ACTIVITY:
Transcribe exactly the lines from the one containing "CONVENIENT DANCEWEAR BOUTIQUE" through the end of the data, both included. Leave out pictures.

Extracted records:
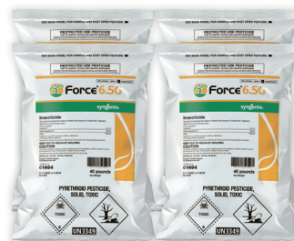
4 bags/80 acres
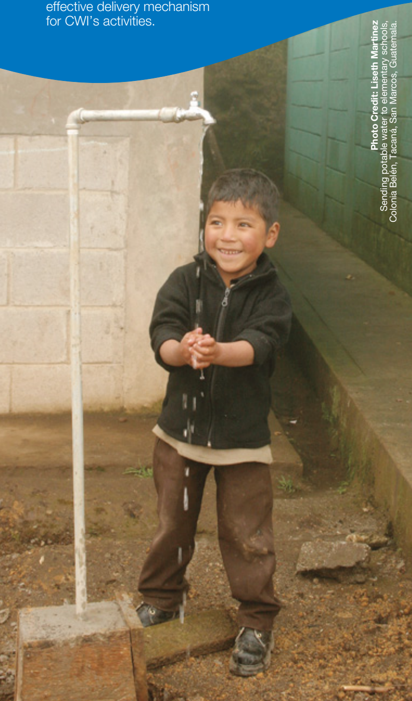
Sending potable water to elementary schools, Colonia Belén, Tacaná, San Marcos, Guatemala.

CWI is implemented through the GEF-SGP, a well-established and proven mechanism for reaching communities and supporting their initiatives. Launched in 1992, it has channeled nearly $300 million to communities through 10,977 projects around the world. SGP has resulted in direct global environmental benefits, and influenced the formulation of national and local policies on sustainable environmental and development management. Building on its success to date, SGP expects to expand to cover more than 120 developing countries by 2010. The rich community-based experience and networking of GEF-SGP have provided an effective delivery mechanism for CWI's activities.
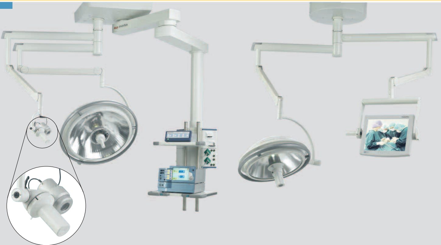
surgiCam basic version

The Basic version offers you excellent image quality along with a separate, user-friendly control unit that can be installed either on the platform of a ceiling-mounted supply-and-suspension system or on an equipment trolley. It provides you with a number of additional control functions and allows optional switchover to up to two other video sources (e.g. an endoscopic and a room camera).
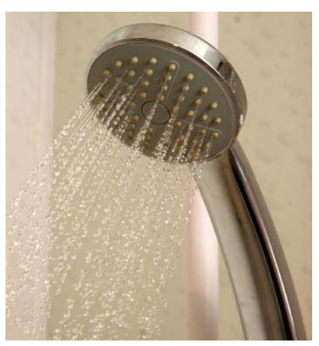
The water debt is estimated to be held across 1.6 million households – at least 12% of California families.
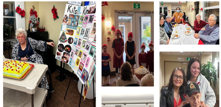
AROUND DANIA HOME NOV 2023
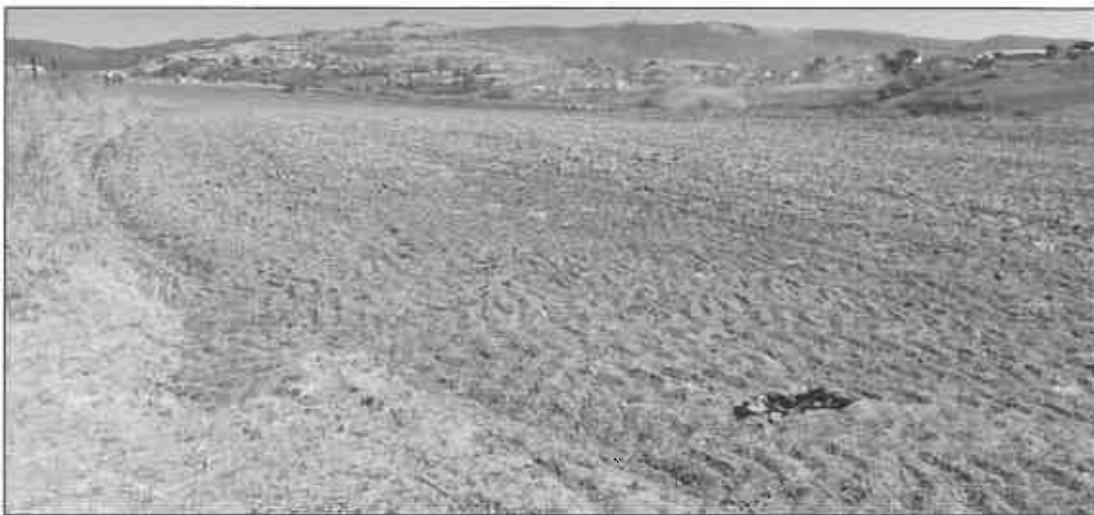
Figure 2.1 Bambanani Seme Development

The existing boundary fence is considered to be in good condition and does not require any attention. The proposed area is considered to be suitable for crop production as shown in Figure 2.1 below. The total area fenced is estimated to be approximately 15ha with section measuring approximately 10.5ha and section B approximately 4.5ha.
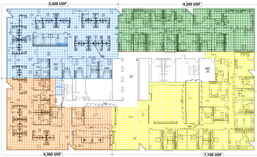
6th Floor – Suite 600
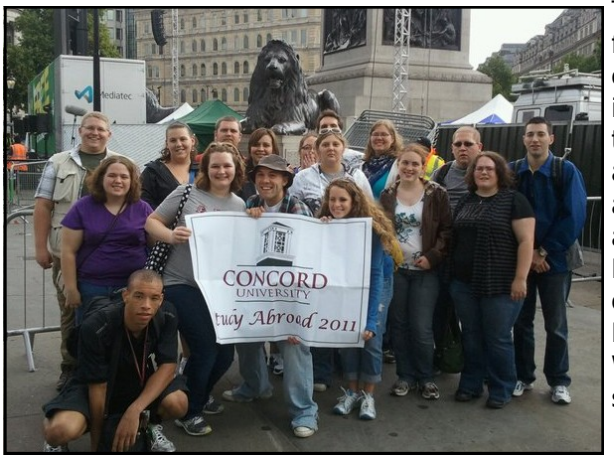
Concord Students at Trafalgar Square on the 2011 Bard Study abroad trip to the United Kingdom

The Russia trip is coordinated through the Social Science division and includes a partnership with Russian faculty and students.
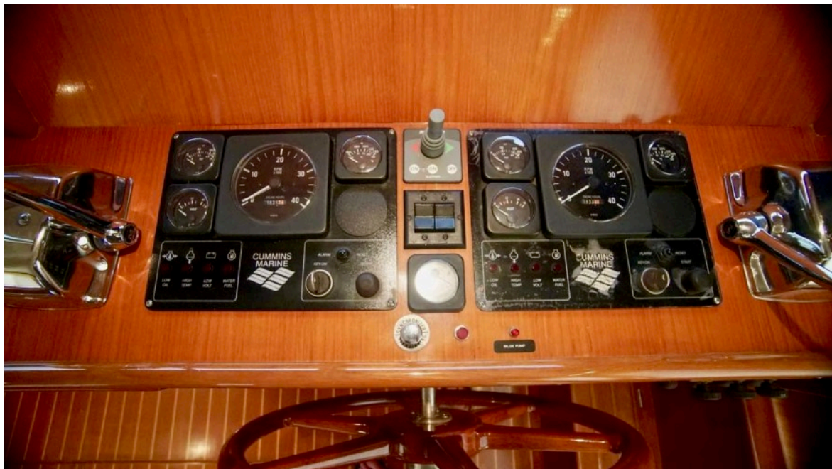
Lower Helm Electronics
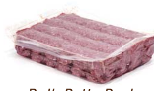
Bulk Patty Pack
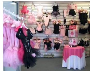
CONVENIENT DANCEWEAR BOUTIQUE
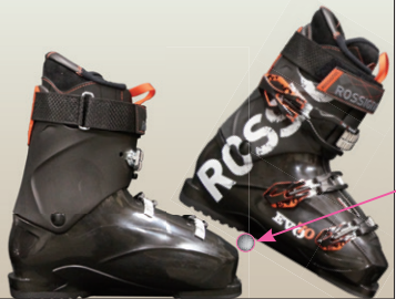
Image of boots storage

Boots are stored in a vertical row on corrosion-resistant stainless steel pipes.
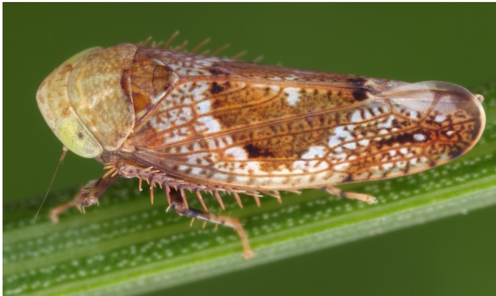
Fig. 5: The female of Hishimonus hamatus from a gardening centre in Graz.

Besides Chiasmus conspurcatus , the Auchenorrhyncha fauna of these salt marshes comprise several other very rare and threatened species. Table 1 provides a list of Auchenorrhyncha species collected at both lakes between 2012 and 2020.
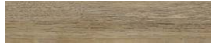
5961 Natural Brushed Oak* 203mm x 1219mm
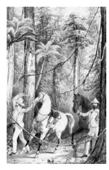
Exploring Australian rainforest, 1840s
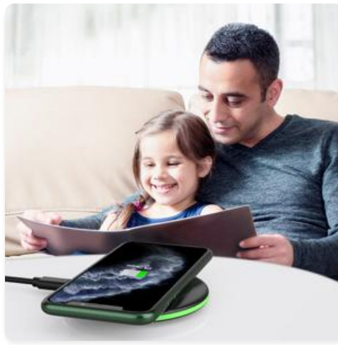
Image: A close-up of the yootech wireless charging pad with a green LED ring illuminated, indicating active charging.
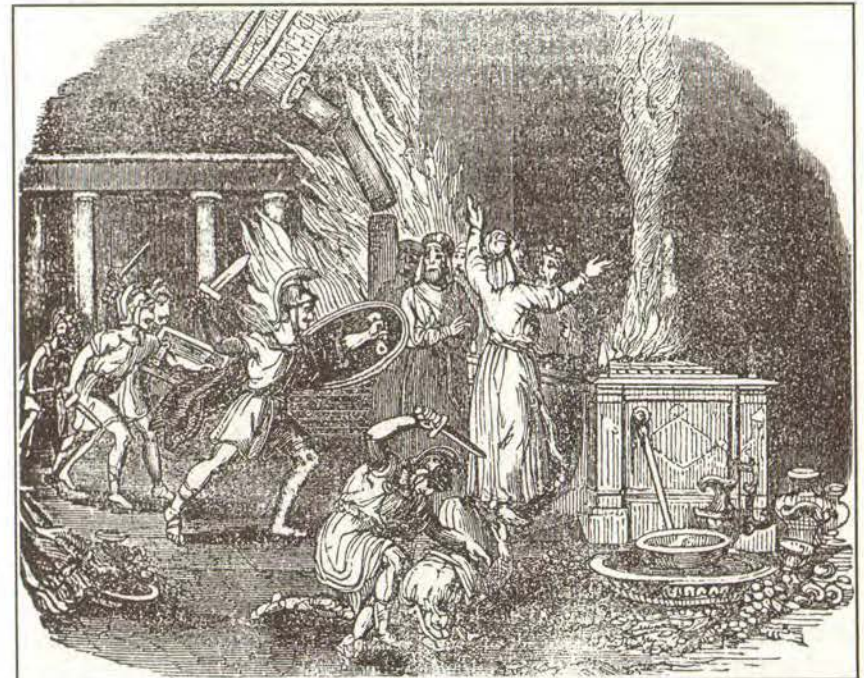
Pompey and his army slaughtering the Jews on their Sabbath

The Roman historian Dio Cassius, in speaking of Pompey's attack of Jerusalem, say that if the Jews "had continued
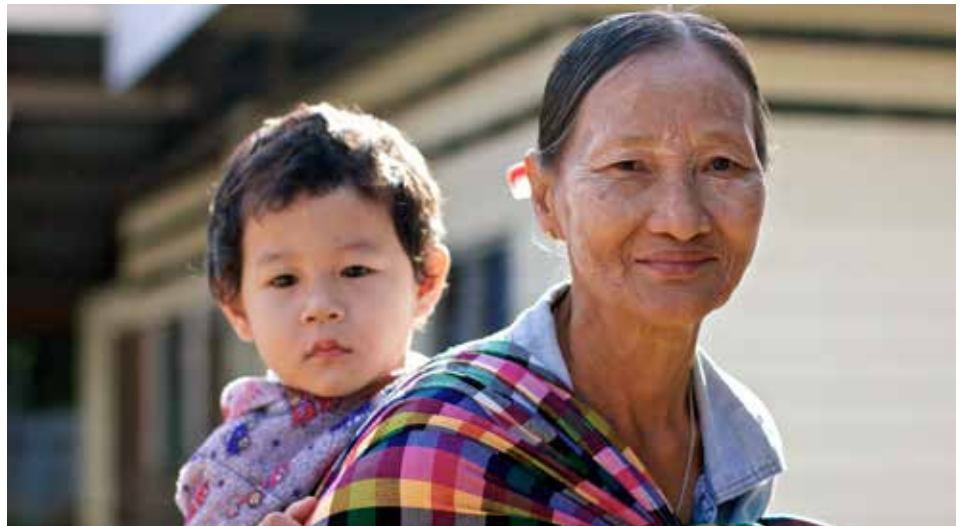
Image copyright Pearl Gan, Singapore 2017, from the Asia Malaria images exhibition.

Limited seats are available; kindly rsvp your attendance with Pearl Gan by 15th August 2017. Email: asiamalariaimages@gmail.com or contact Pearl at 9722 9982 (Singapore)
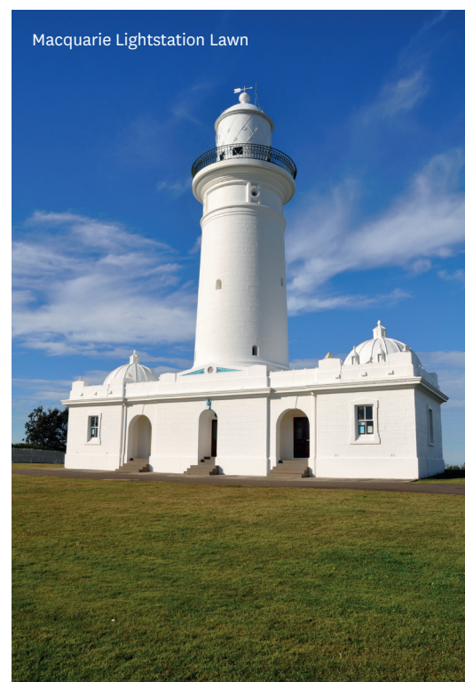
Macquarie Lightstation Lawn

SOLUTION FOR THIS EXERCISE:
CONVENIENT DANCEWEAR BOUTIQUE
Image of boots storage

Boots are stored in a vertical row on corrosion-resistant stainless steel pipes.
Fig. 5: The female of Hishimonus hamatus from a gardening centre in Graz.

Besides Chiasmus conspurcatus , the Auchenorrhyncha fauna of these salt marshes comprise several other very rare and threatened species. Table 1 provides a list of Auchenorrhyncha species collected at both lakes between 2012 and 2020.
5961 Natural Brushed Oak* 203mm x 1219mm
Exploring Australian rainforest, 1840s
Image: A close-up of the yootech wireless charging pad with a green LED ring illuminated, indicating active charging.
Pompey and his army slaughtering the Jews on their Sabbath

The Roman historian Dio Cassius, in speaking of Pompey's attack of Jerusalem, say that if the Jews "had continued
Image copyright Pearl Gan, Singapore 2017, from the Asia Malaria images exhibition.

Limited seats are available; kindly rsvp your attendance with Pearl Gan by 15th August 2017. Email: asiamalariaimages@gmail.com or contact Pearl at 9722 9982 (Singapore)
Macquarie Lightstation Lawn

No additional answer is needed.